Well, let’s take a look again at the different things that happen during Ramadan. It is scripturally mandated that people work less during this holy month due to the fatigue that takes a hold of one’s body. While this is something that is mainly enforced in schools and government offices, due to the natural fatigue that accumulates in almost all of us, there is a general sense of lethargy that prevails throughout the institutions. 

And what do people do when things are slow at work? They go home and spend time with their family. They catch up with friends, they take their family out to dinner, and they engage in all sorts of things that a human should do, not just make money for a faceless entity. In a way, Ramadan liberates us from our dreary routine, and instead of showing what life has become under late-stage capitalism, it shows us what life can -- and should -- be. And in these dire times, that has a special effect on us as well. 
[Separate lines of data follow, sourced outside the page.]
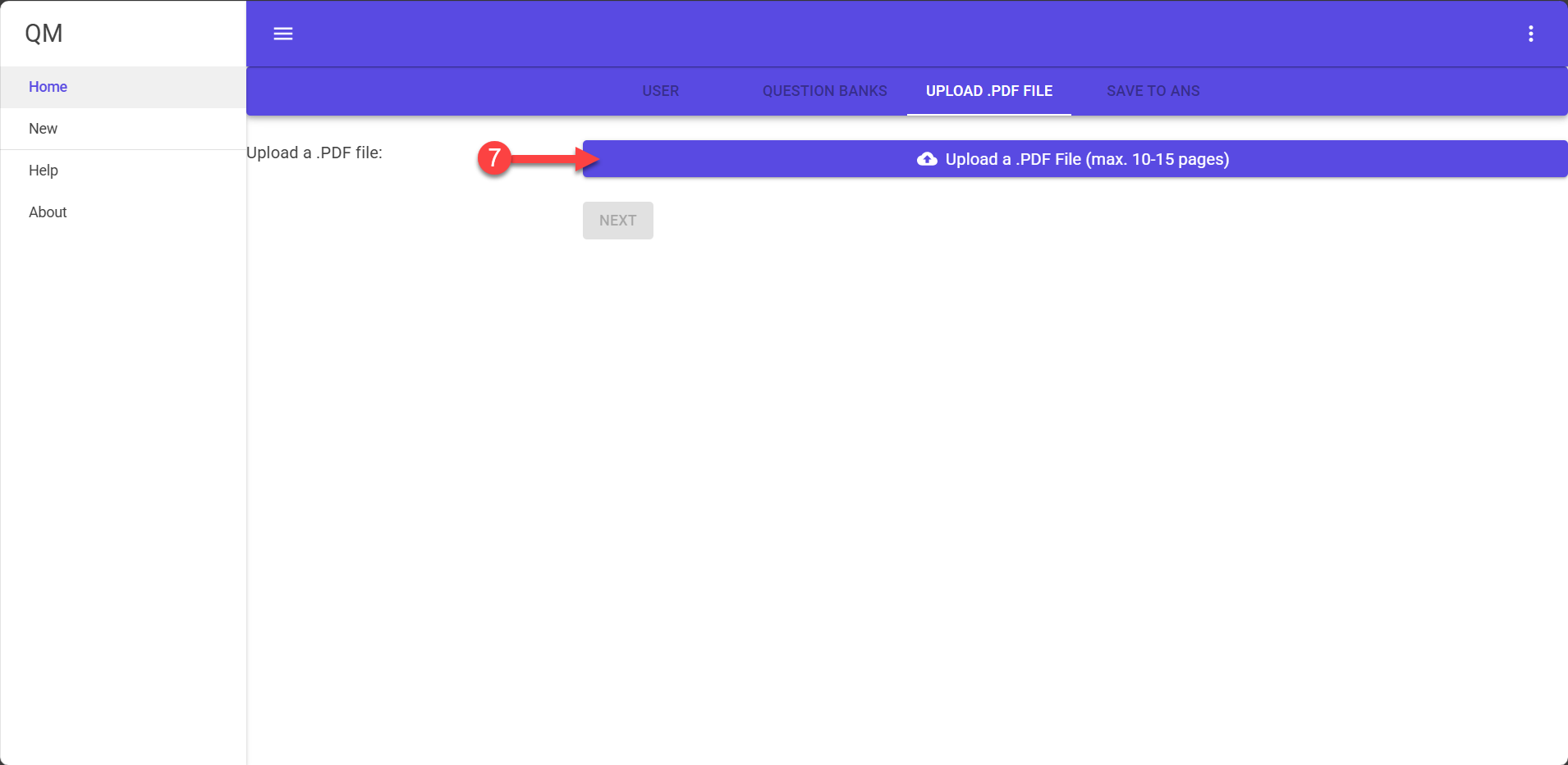 Upload het PDF bestand waaruit je vragen wilt genereren.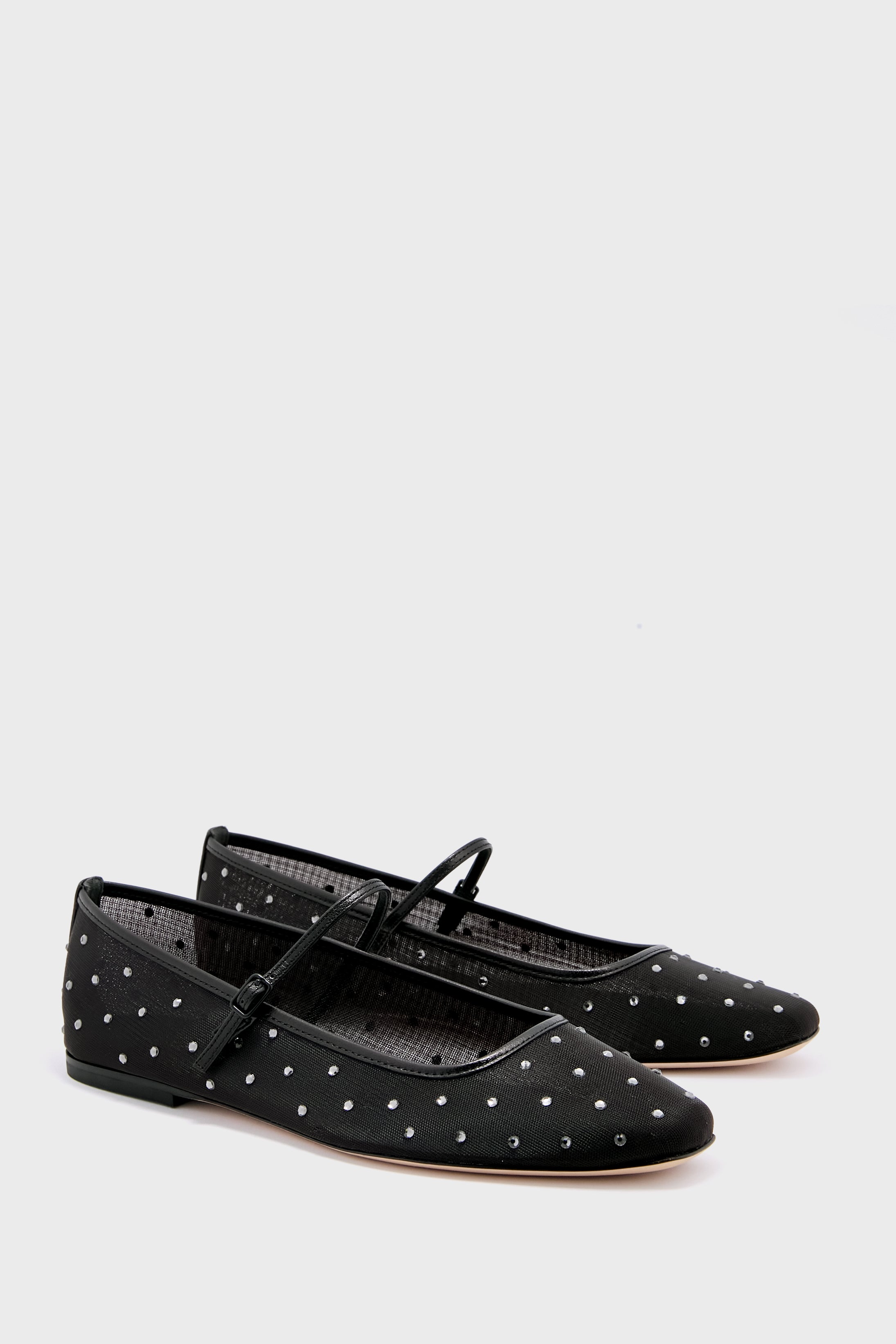 A timeless silhouette with distinct detailing. the Black Diamond Ellie Mesh Crystal Flat is studded with crystals and finished with a demure strap at the vamp. They're an effortlessly chic pairing with your favorite jeans or go-to LBD!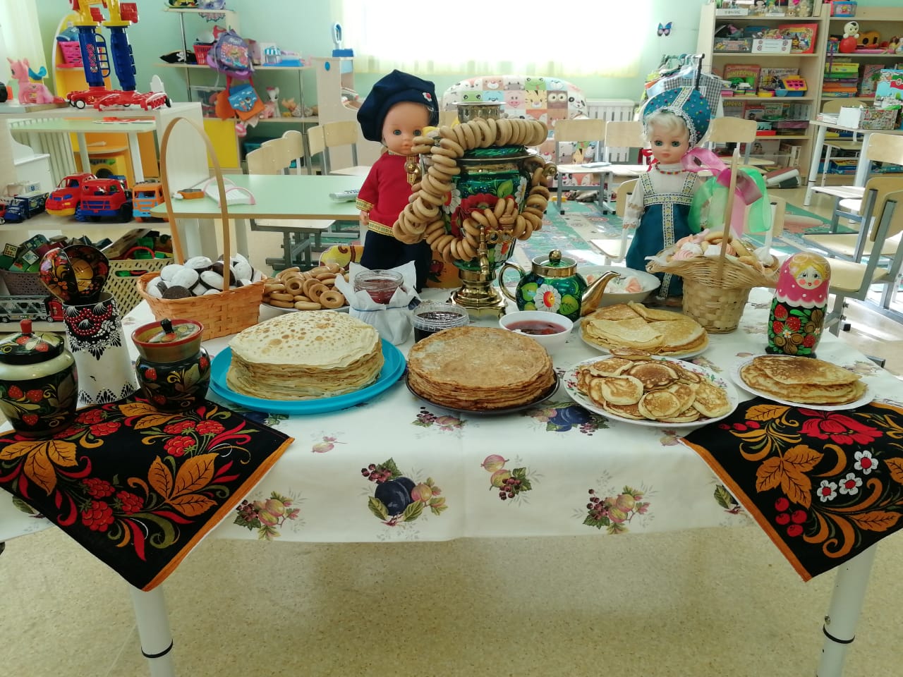 В нашем детском саду тоже состоялось празднование Масленицы. Веселую атмосферу празднику придавала музыка, от которой ноги плясали сами. Веселый скоморох праздника шутками да прибаутками призывал детей, веселиться от души и плясать, не жалея ног. Забавным персонажем на празднике была Хозяюшка и Весна-Красна. Они играли с детьми, участвовали в конкурсах, пели песни и водили хоровод. А блины, которые были главным угощением праздника - просто объеденье! Спасибо огромное нашим мамочкам! Кулинарные способности наших мам всех очень порадовали.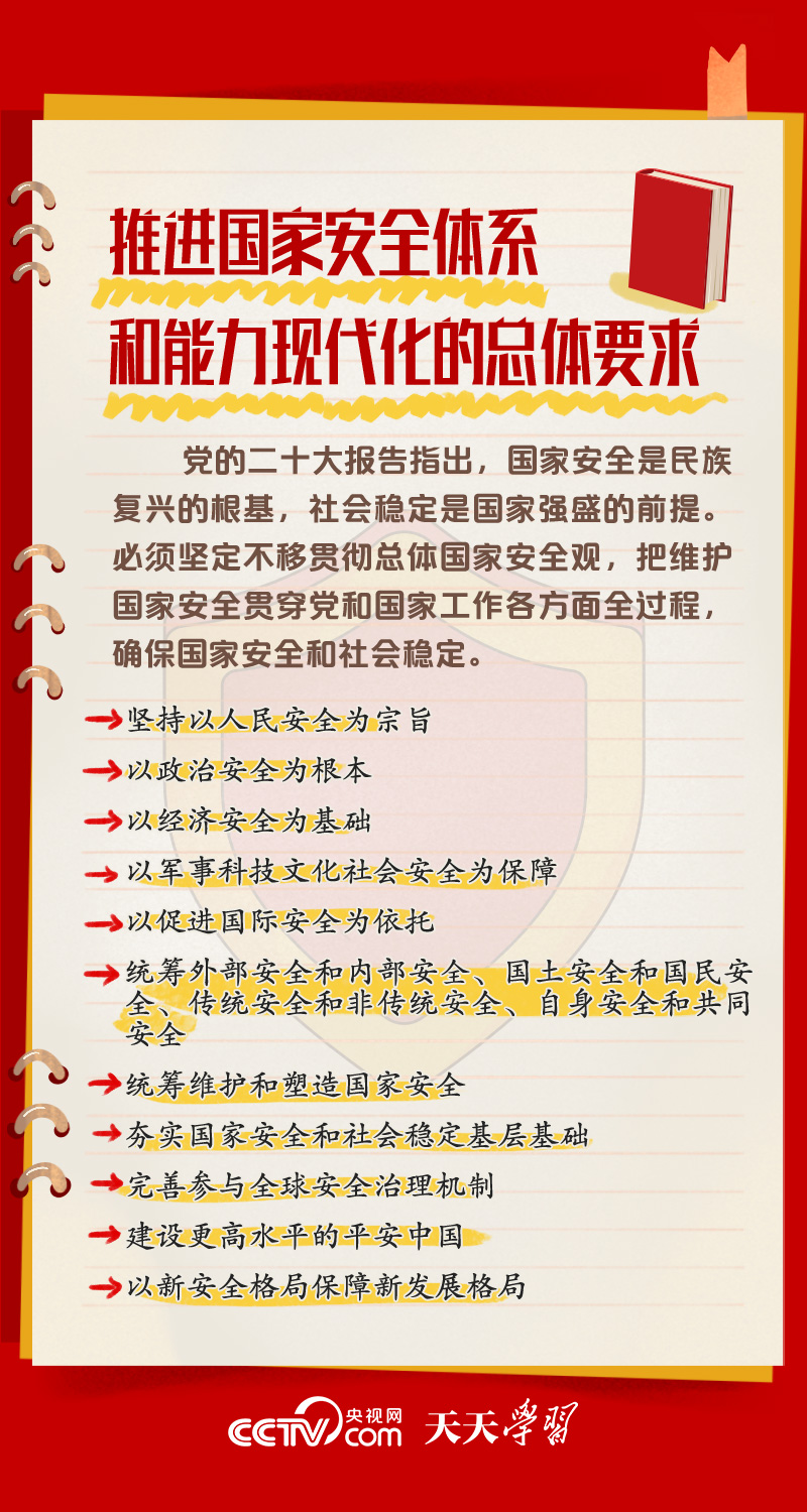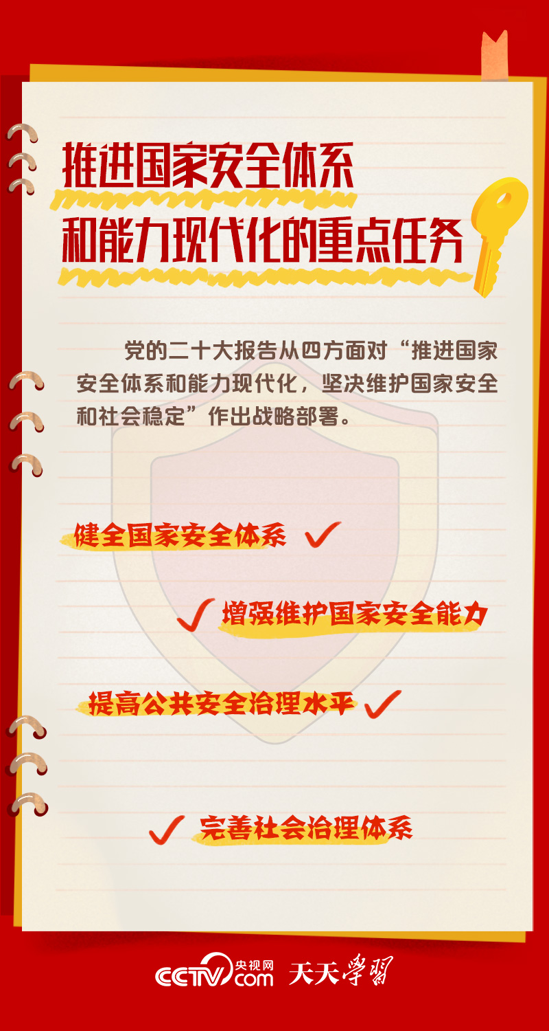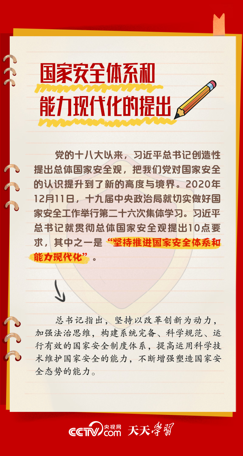 總書(shū)記多次強(qiáng)調(diào)要推進(jìn)國(guó)家安全體系和能力現(xiàn)代化。央視網(wǎng)《天天學(xué)習(xí)》梳理相關(guān)內(nèi)容,帶您了解總書(shū)記治國(guó)理政關(guān)鍵詞——國(guó)家安全體系和能力現(xiàn)代化。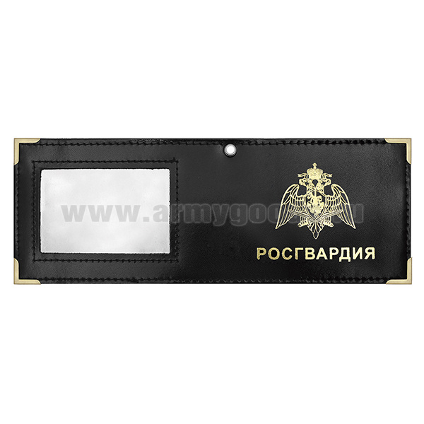 Обложка кожаная под удост. с мет. уголками и отв. д/цеп. на сгибе Росгвардия окно (цвет по наличию на складе)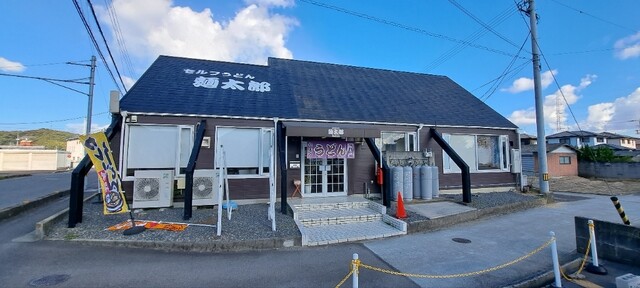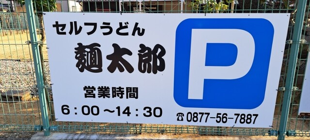 「セルフうどん 麺太郎」と白字で大きく掛かれた屋根が見えるので直ぐに分かると思います。

Another fixture of Ramadan would be the running from shop to shop in trying to find out the appropriate dress for one to wear. While this practice can be quite wasteful, there’s no denying that this is act that gives joy to thousands upon thousands of people around the world. Also, there is another reason I touched upon this, which I will get to in a second. 

There’s also the meeting with old friends during Ramadan. While this wasn’t a big selling point back in the day, this became particularly important during college. 

And as days go by, and as the connections with people you thought the world of start to dissolve into nothingness, those rare interactions during Ramadan all the more important. If memories are the fuel that keep us alive, then what’s the harm in rejuvenating the source once in a while?

So then, let’s recap. Family evenings. Spending time with what’s important and sticking it to the Man. Reunions that can carry someone for lifetimes. What am I getting at here? What am I trying to say? 

Let’s go back to the opening statement -- let’s talk about drumrolls. While a drumroll seems commonplace, the anticipation it builds for the crescendo is one of the most important things of the whole piece. It is the same thing with Ramadan, and Eid in particular. Eid is an amazing event, that goes without saying. But Eid is fleeting, and more often than not, aside from some kacchi and firni here and there and a hangout at a friend’s house, it isn’t very different from your ordinary days. 

This is the reason why Ramadan is so important, and this is why I would argue that Ramadan is more important than Eid. Aside from the religious connotations, Ramadan serves as the drumroll for Eid, the anticipation for this fleeting moment that would be over in a jiffy. Taken individually, the acts committed during Ramadan don’t mean much, true. But considered as a unit, a pattern starts to emerge. 

They are all part of the same game, and they are all being done with the same purpose. Remember those parties where you spent weeks planning the bits and pieces only for the planning phase to become more fun as the party was over in a couple of hours anyway? Ramadan is like that for Eid. And no matter how fun Eid is, the festive atmosphere that grabs a hold of all of us dissipates as soon as it is noon on an Eid. 

But for a month before that, we can hold on to that festive spirit. A month when we don’t have to engage in acts that suck the spirit out of us. A month when we can get back to what made our lives so great back in the day -- or at least grab an essence of it. A month where even the air feels different, and a trip to the tong in the evening can stand toe to toe with some of the most exclusive dishes in the world. 

In short, it is a month-long celebration or the anticipation of a celebration -- executed in such a way that only us Bangladeshis can. And that is why the whole of Ramadan is nothing short of an ode to a fish hook moon, and an ode to the holy spirit that resides within us all. 

Ramadan Kareem everyone. May you find the strength to go on during these trying times.

Nafis Shahriar is a student of business and a freelance writer.